# Need some help with this question.



## Hanzolo (Jun 13, 2014)

So I've been taking a Computer Essentials course which I haven't been able to keep up with since I have been busy with other matters. Now that my excuse is out of the way, I've been stuck on this real world problem. What I've been having trouble with is implementing RAID. I understand that I would have everything I need to install a RAID controller but I don't know what else I would need to implement RAID/ if anything. If you could answer the questions and explain to me how you got the answers, I would be extremely grateful. 

Question:

You work as a PC technician for a boss who believes you are really bright and can solve just about any problem he throws at you. Folks in the company have complained one time too many that the ﬁle server downtime is just killing them, so he asks you to solve this problem. He wants you to ﬁgure out what hardware is needed to implement hardware RAID for fault tolerance. You check the ﬁle server’s conﬁguration and discover it has a single hard drive using a SATA connection with Windows Server 2012 installed. There are four empty bays in the computer case and four extra SATA power cords. You also discover an empty PCIe x4 slot on the motherboard. BIOS setup does not offer the option to conﬁgure RAID, but you think the slot might accommodate a RAID controller.

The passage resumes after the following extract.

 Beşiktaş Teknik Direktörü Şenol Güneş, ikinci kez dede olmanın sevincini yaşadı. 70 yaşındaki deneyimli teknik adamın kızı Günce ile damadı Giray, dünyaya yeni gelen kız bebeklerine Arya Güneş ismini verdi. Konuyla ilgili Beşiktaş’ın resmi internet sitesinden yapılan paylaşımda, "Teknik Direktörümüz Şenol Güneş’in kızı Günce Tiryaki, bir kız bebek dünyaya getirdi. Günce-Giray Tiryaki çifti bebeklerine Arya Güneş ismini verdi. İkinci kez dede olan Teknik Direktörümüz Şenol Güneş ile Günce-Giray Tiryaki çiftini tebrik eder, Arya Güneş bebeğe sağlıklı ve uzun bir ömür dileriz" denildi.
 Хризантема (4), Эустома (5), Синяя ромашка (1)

Complete the investigation and do the following:

1. Decide what hardware you must purchase and put a screenshot of the web pages showing the products and their cost into a document.

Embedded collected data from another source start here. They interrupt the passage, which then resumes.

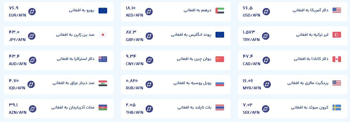 نرخ تبدیل ارز‌های مختلف به افغانی چقدر است؟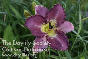 Ruffled petals in plum and deep rose shades with cream etching, lighter plum sepals, and a small green throat.
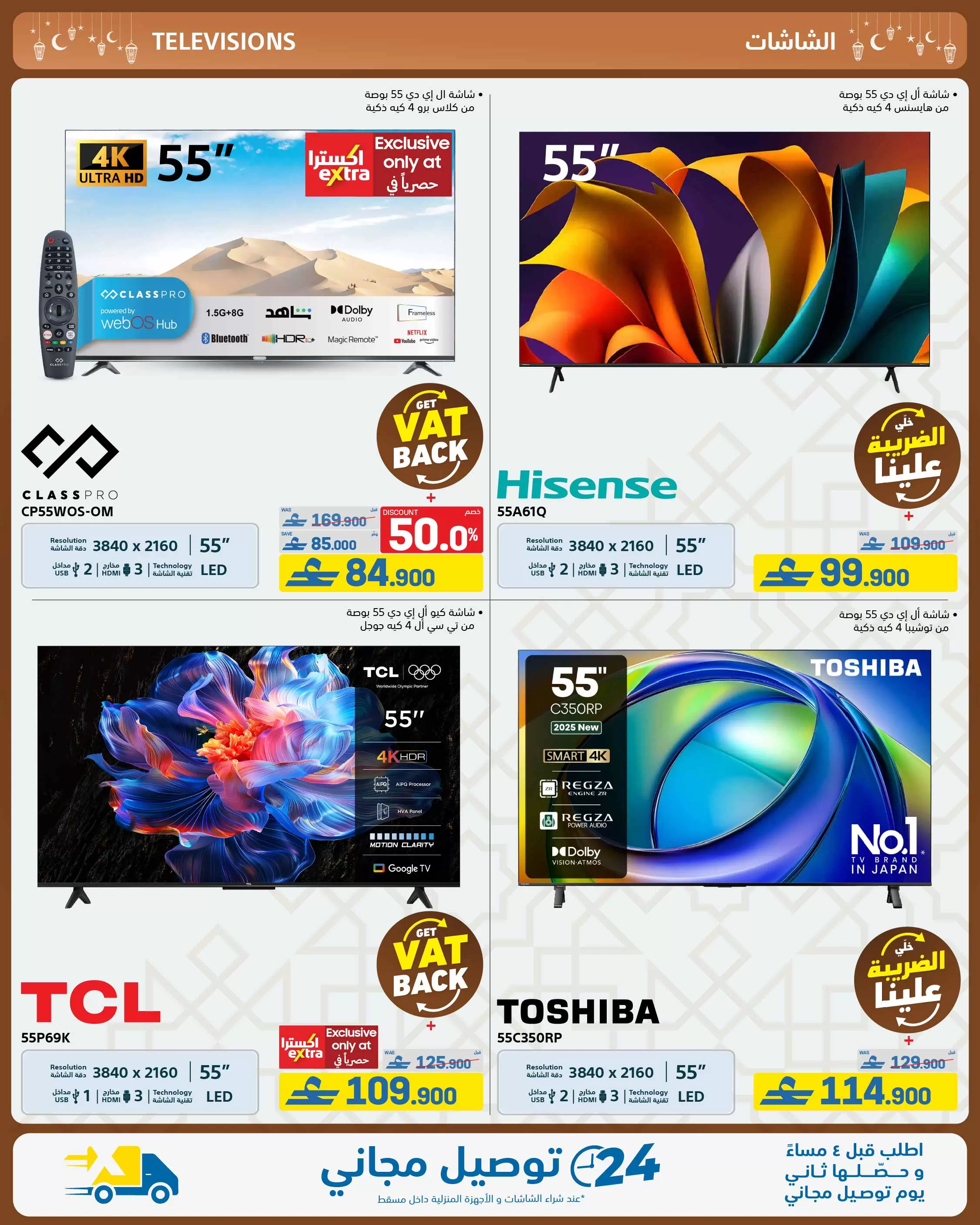 تعتبر شاشات الـ 4K Smart هي الأكثر طلباً في عروض تلفزيونات اكسترا عمان. إليك أبرز الصفقات:

2. What levels of RAID does the RAID controller card support? Which RAID level is best to use? Print any important information in the RAID controller documentation that supports your decisions.


----------



## Nabarun (Jun 13, 2014)

These are very basic things every system administrator is supposed to know. Server downtime is not going to be solved by implementing RAID. First figure out what IS the source of the problem. If you do want to do a RAID array anyway, it will be best if you do a basic reading on the subject. You will need to know about OS, storage, filesystems, volume managers etc to properly implement a suitable RAID array to meet your needs. What will suit you depends on your requirements and budget, and it will be childish to make any kind of recommendation.

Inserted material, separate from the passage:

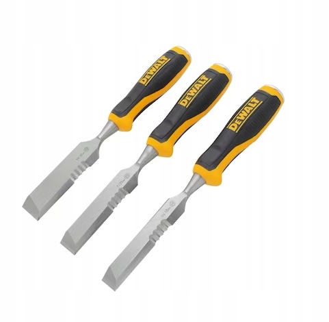 Zestaw 3 dłut DEWALT® zawiera dłuta o szerokościach 18 mm, 25 mm i 32 mm, przeznaczone do różnych zastosowań. Wszystkie trzy dłuta posiadają krawędź tnącą, która może być używana jako skrobak oraz do prac rozbiórkowych. Ostrza wykonane są z hartowanej stali chromowanej, co zapewnia zwiększoną trwałość, a dwumateriałowa rękojeść zapewnia komfort i kontrolę podczas pracy.

You will need more drives in addition to a RAID controller card. For redundancy of 1 drive there is RAID 1 and RAID 5. RAID 1 basically copies the exact same data to 2 drives, and the resulting array's read speed is a bit better but write speed a bit lower. RAID 5 needs at least 3 drives, where the parity is distributed across all the drives and has redundancy for 1 drive only, and you get effective storage space for 2 drives. But this uses the CPU to generate the parity in various implementations (like Solaris Volume Manager), so keep that in mind. RAID 6 is almost the same as RAID 5, except that it has redundancy for 2 drives. There are more complex arrays like RAID 1+0 and RAID 0+1 etc which require more drives. Do keep in mind that it is not recommended to run servers using consumer-grade drives, since they are not designed for 24x7 high usage like enterprise-grade ones, which have special capabilities.


----------



## TRWOV (Jun 13, 2014)

I think WS2012 already has software RAID support, isn't it? or is it just JBOD?

Anyway, you'd better read up on the RAID5/6 write hole issue although an UPS should take care of that.
http://www.raid-recovery-guide.com/raid5-write-hole.aspx


----------